We've hit this bug before and I thought we fixed it. RHGB is supposed to wait until the X server completely exits before replying to the rhgb-client --quit request. KDM start won't start until after the rhgb-client --quit call finishes. The X server is supposed to be blocking until the VT_WAITACTIVE completes before it exits. So it *should* be all synchronized, not sure why it's falling over. I wonder if the VT_WAITACTIVE call (the one in the rhgb shutdown path) is failing in the X server (or returned early), and so the X server is exiting too soon.
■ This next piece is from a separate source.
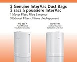 3 Genuine InterVac Dust Bags, 1 Motor Filter, and 3 Exhaust Filters in package.

Orthogonal to this, we could really use a better VT switch API. Please, please, pretty please. But. The X server will do a full VT_ACTIVATE/VT_WAITACTIVE pair at startup, to request a new tty and then wait until it's been switched to. It will also do the same thing on server exit, to switch back to the VT it started from. rhgb will wait until the X server it launched has completely exited before itself returning. So this should never happen unless kdm is trying to start an X server before rhgb has actually exited. The race your seeing shows the X server for kdm trying to switch to tty7, and then the X server for rhgb trying to release back to tty1. This implies something funky in kdm startup, since we definitely fixed this for the gdm case, and it should be doing the same thing for kdm; are you starting your display manager in some weird way? Alternatively, rhgb-client --quit might be returning before rhgb has actually exited; I'll check. The rhgb X server would have voluntarily switched away though, so in principle it could just exit without trying to VT switch if it's already switched away. I suppose by that point in the exit path the driver has already done all the cleanup it's going to do, so it should be safe, and it shouldn't have any cleanup to do anyway since it's already off the hardware. This would be a bug for fast-user-switching too: A logs in, B logs in, A's server exits and kicks B off the display.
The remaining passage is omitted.